• Exercise details:
Line by line, transcribe the data below exactly and pass over the images.

• Dataset extract:
::::::::

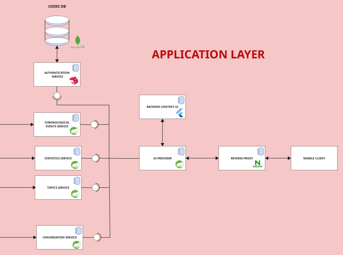 The Application Layer is responsible for managing the design and orchestration mechanisms that enable the cleaned and processed data—originating from the preceding layers—to be consumed, analyzed, and delivered to the end user. This layer incorporates two architectural patterns, Microservices and Backend-Driven UI (BDUI), along with an infrastructure tactic, Reverse Proxy.
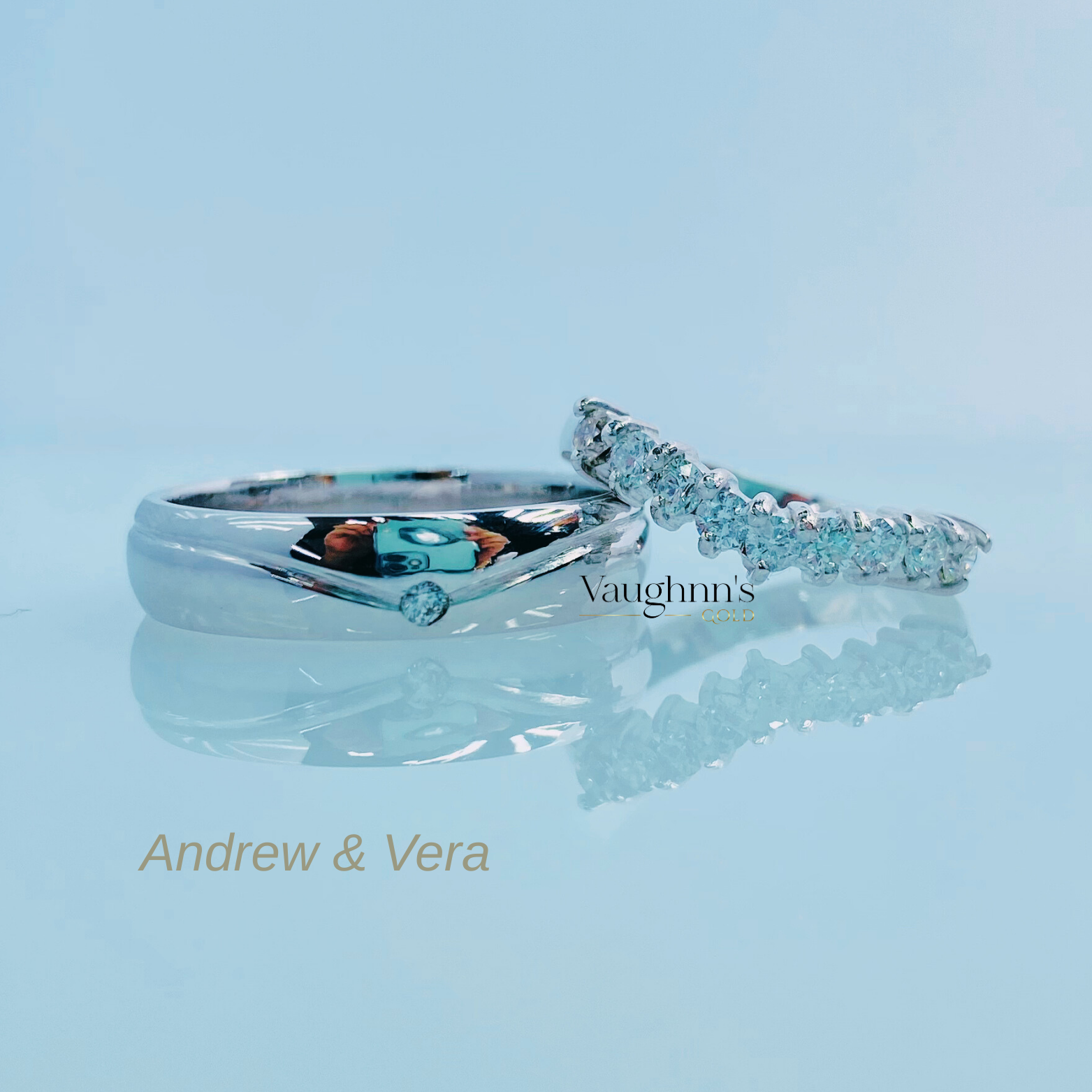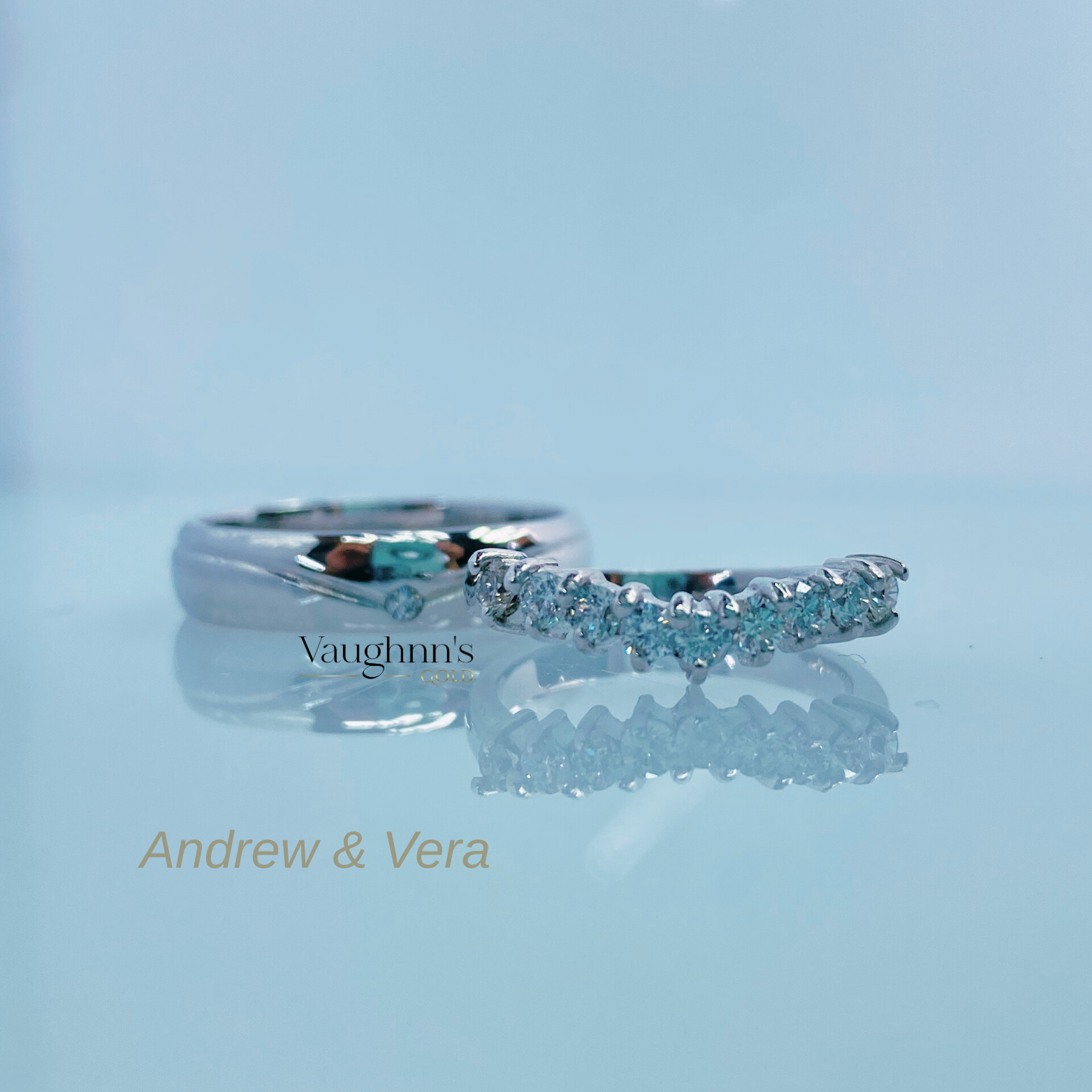 Experience the dazzling allure of Andrew and Vera, a unique couple that captures your own personal story. Andrew's band features a white gold base with a stunning stone accent, complemented by Vera's 0.05ct moissanite or diamond half-eternity band in 18k solid white gold. Discover the enchanting brilliance of Andrew and Vera for yourself.
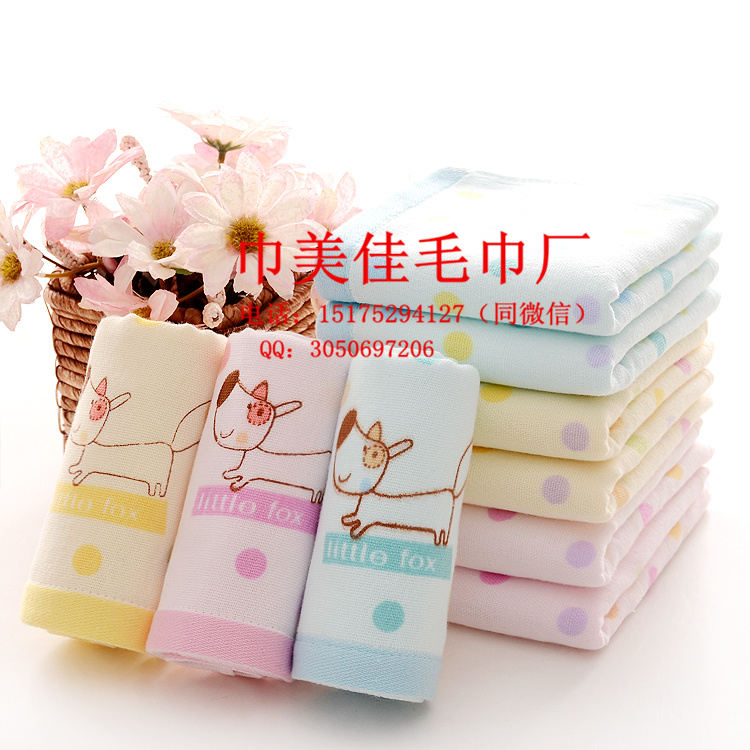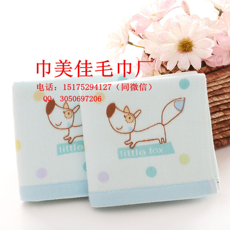 厂家直销儿童小毛巾 纯棉狐狸童巾 超柔吸水儿童毛巾 儿童口水
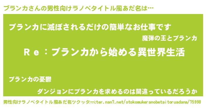 | ヒーロー風カッコイイあだ名 | 『最強戦士ブランカ』『炎刃騎士ブラ』 |
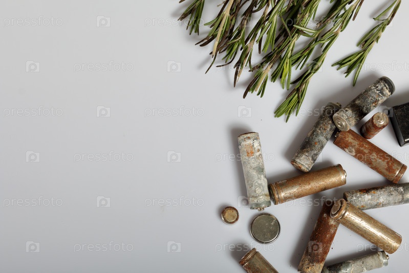 Использованные батарейки и ветка зелени. Утилизация отработанных аккумуляторов. Защита окружающей среды. День Земли

::::::::

• Response box:
 The Application Layer is responsible for managing the design and orchestration mechanisms that enable the cleaned and processed data—originating from the preceding layers—to be consumed, analyzed, and delivered to the end user. This layer incorporates two architectural patterns, Microservices and Backend-Driven UI (BDUI), along with an infrastructure tactic, Reverse Proxy.
 Experience the dazzling allure of Andrew and Vera, a unique couple that captures your own personal story. Andrew's band features a white gold base with a stunning stone accent, complemented by Vera's 0.05ct moissanite or diamond half-eternity band in 18k solid white gold. Discover the enchanting brilliance of Andrew and Vera for yourself.
 厂家直销儿童小毛巾 纯棉狐狸童巾 超柔吸水儿童毛巾 儿童口水
 | ヒーロー風カッコイイあだ名 | 『最強戦士ブランカ』『炎刃騎士ブラ』 |
 Использованные батарейки и ветка зелени. Утилизация отработанных аккумуляторов. Защита окружающей среды. День Земли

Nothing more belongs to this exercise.